When convolution operations in the CNN perform redundantly among multiple channels, the depthwise separable convolution reduces the huge amount of computation required among the channels. (Paoletti et al., 2020).
2.4.2 Deeper Bottleneck Architecture
Deeper bottleneck architecture was proposed in ResNet to reduce training time (He et al., 2016). In this method, an additional convolution is performed before the convolution to reduce the size of the input channel. After convolution with input channels of reduced size, a convolution operation to restore the number of channels is executed. When one residual block consists of two layers in the EQTransformer, we changed it to three layers. While we have an additional layer, we used a kernel of size one in the first and last layers. This reduces the number of parameters substantially in the intermediate layer that performs the actual operation.
2.4.3 Recurrent CNN
Recurrent CNN is a concept that reuses the output of the CNN layer. To use the recurrent CNN, the number of channels in input and output needs to be equal with the same kernel shape. The layers also need to be continuous. We applied the recurrent CNN to the encoder and the decoder, respectively. This reduced the model size by reusing parameters.
The use of the recurrent CNN has an additional benefit of decreasing memory access costs needed for loading initial parameters, increasing nonlinearity, and updating gradients in multiple parts for learning the model (Köpüklü et al., 2019).
3 Results
We learned a detection model using 50,000 sets of earthquake data and noise data sampled from STEAD and repeated the learning process for 10 epochs. The threshold values were set for the probability of seismic detection and P- and S-phase pickings as detection = 0.5, p = 0.3, and S = 0.3, which were equal to EQTransformer.
3.1 LEQNet
Figure 2B illustrates the structure of LEQNet that was designed using the depthwise separable CNN, deeper bottleneck, and recurrent CNN. Depthwise separable CNN was applied to the encoder and decoder which were used in the feature compression and decompression steps. In addition, memory access time in the encoder and decoder was reduced using the recurrent CNN layers in LEQNet. These recurrent CNN layers also decreased the inference time and model size via the reuse of existing parameters.
Table 1 summarizes the reduction in the number of parameters. The number of parameters in the encoder was reduced from 34,672 to 1,289, and from 136,323 to 4,131 in the decoder. ResNet for central feature extraction in the EQTransformer was replaced by the deeper bottleneck CNN in our LEQNet. This reduced the number of parameters from 109,696 to 3,712. Although there was no structural change in LSTM & transformer, the decrease in the number of input parameters itself reduced the number of parameters from 42,372 to 30,644 in LSTM & transformer.
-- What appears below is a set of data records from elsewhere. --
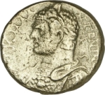 laureate and cuirassed bust of Caracalla, left, seen from front, with gorgoneion on cuirass and trabea over left shoulder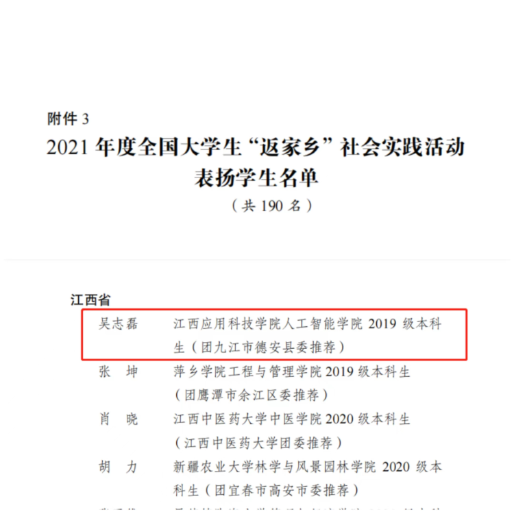 近日,共青团中央对2021年度全国大学生“返家乡”社会实践活动进行总结通报,经基层提交典型事迹材料、省级团委推荐、组织评议等环节,并报团中央书记处批准,对在“返家乡”社会实践工作中表现突出的单位、个人和项目进行表彰。必赢官网2019级电子信息工程1班学生吴志磊获评2021年度全国大学生“返家乡”社会实践活动表扬学生荣誉称号。全国共190人获此殊荣,江西省8人,吴志磊同学为江西民办高校唯一获奖学生。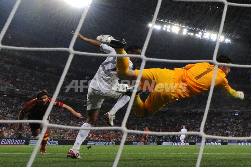 【6月24日 AFP】サッカー欧州選手権2012(UEFA Euro 2012)は23日、共催国ウクライナのドネスク(Donetsk)で準々決勝が行われ、前回王者のスペインは2-0でフランスを破り、準決勝に進出した。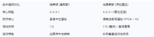 大卫·莫耶斯在2025年重掌埃弗顿帅印后,迅速将球队调校回他最为擅长的战术频道:纪律性极强的中位逼抢、稳固的防守架构以及极高效率的进攻转换 。埃弗顿本赛季至今仅丢28球,这一防守数据在英超位列第四,充分证明了莫耶斯对防线改造的成功 。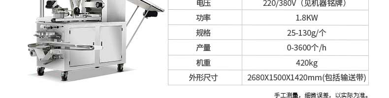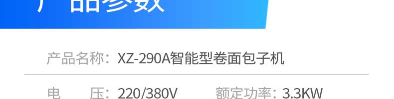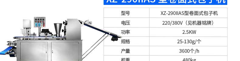 名稱XZ-290A智能卷式包子機(jī) 電源220/380v 功率3.3kw 產(chǎn)量0-36000個/h 尺寸2680*1500*1420mm 重量420kg 規(guī)格 其他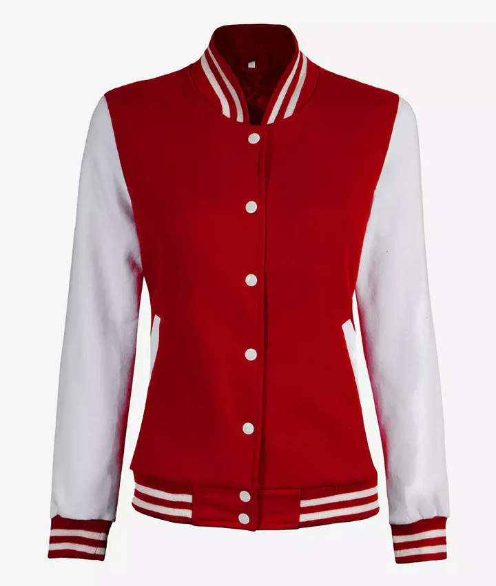 Step up your style with this Women’s Red Varsity Jacket with White Sleeves. Designed for comfort and durability, its classic letterman design makes it perfect for casual outings or school events. The bold red body with white detailing ensures a standout look that pairs effortlessly with jeans or skirts.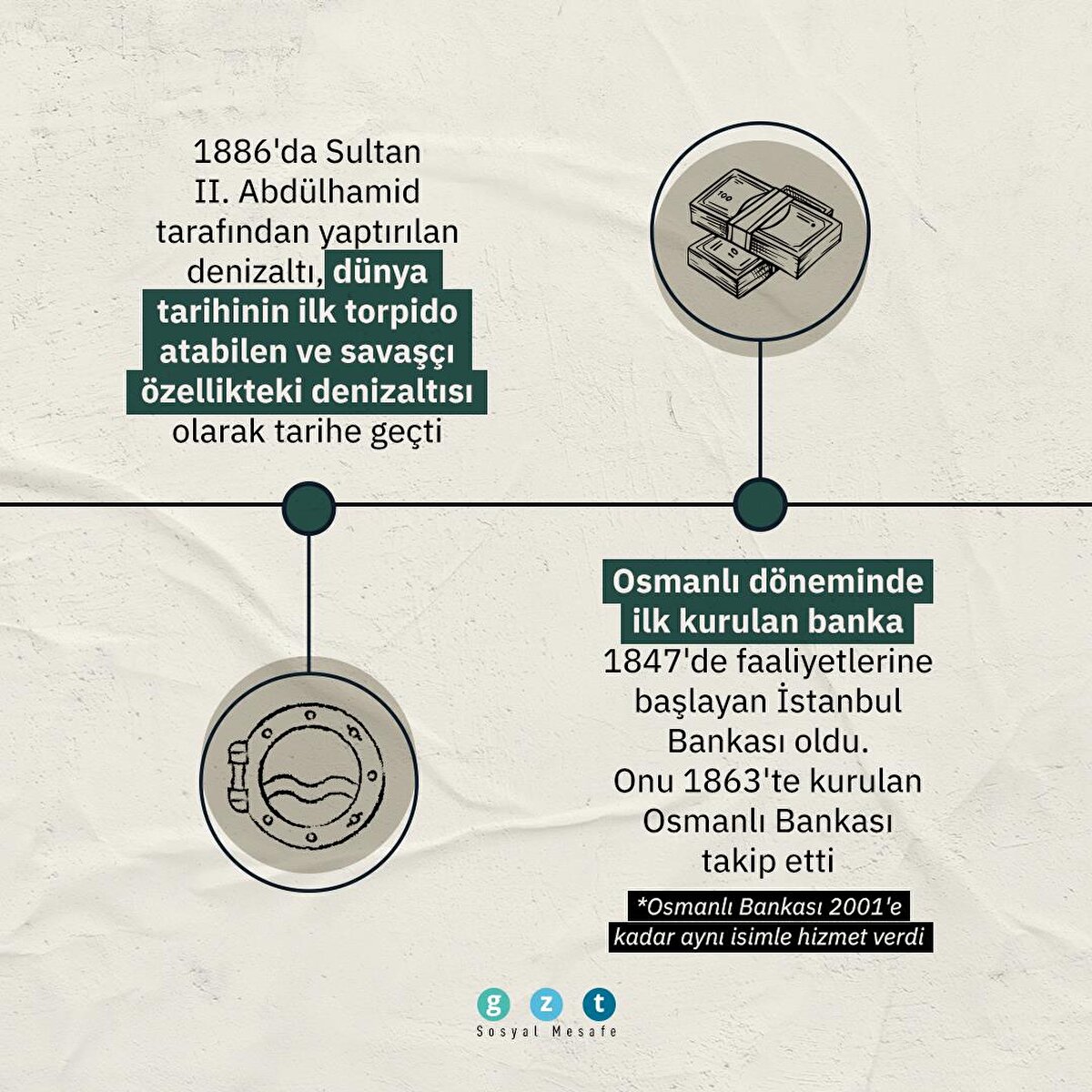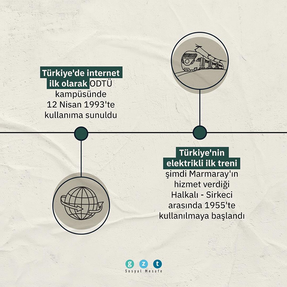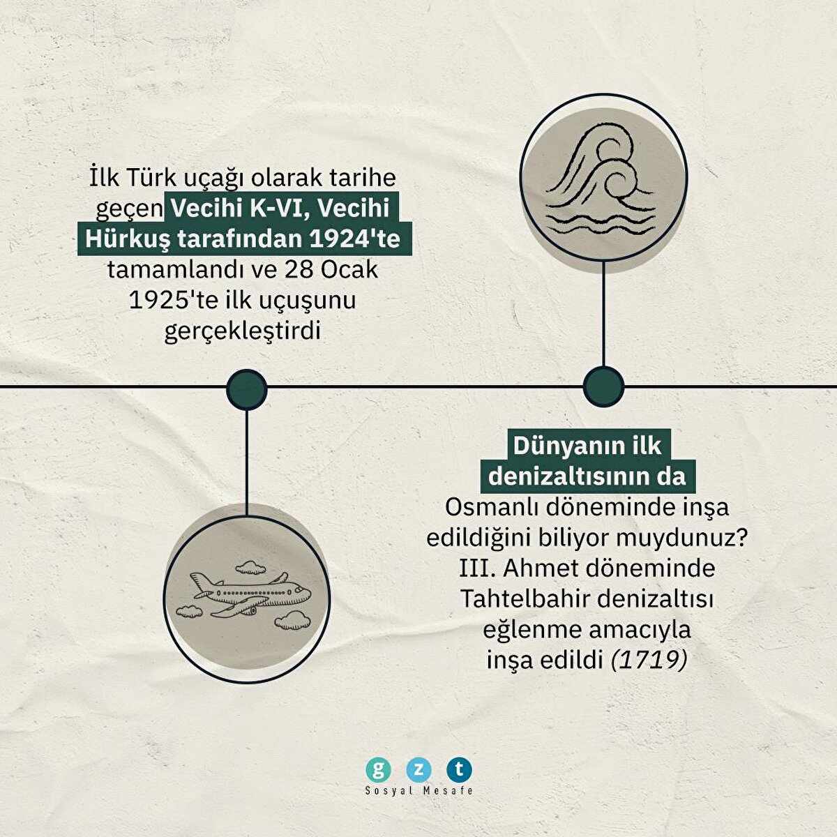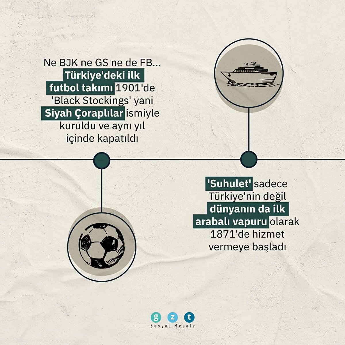1- 'Suhulet' sadece Türkiye'nin değil dünyanın da ilk arabalı vapuru olarak 1871'de hizmet vermeye başladı 2- Ne BJK ne GS ne de FB... Türkiye'deki ilk futbol takımı 1901'de 'Black Stockings' yani Siyah Çoraplılar ismiyle kuruldu ve aynı yıl içinde kapatıldı 3- İlk Türk uçağı olarak tarihe geçen Vecihi K-VI, Vecihi Hürkuş tarafından 1924'te tamamlandı ve 28 Ocak 1925'te ilk uçuşunu gerçekleştirdi 4- Dünyanın ilk denizaltısının da Osmanlı döneminde inşa edildiğini biliyor muydunuz? III. Ahmet döneminde Tahtelbahir denizaltısı eğlenme amacıyla inşa edildi (1719) 5- 1886'da suya indirilen ve Sultan II. Abdülhamid tarafından yaptırılan denizaltı, dünya tarihinin ilk torpido atabilen ve savaşçı özellikteki denizaltısı olarak tarihe geçti 6- Osmanlı döneminde ilk kurulan banka 1847'de faaliyetlerine başlayan İstanbul Bankası oldu. Onu 1863'te kurulan Osmanlı Bankası takip etti 7- Türkiye'de internet ilk olarak ODTÜ kampüsünde 12 Nisan 1993'te kullanıma sunuldu 8- Türkiye'nin elektrikli ilk treni şimdi Marmaray'ın hizmet verdiği Halkalı - Sirkeci arasında 1955'te kullanılmaya başlandı

Figure 3 illustrates the LEQNet architecture. Each encoder and decoder of LEQNet consists of five layers, and the deeper bottleneck consists of four layers; however, EQTranformer has seven layers in each encoder and decoder and five layers for ResNet. The number of output channels in the encoder in the LEQNet has changed to 32, similar to the number of input channels, while the number of channels in the EQTransformer was 64.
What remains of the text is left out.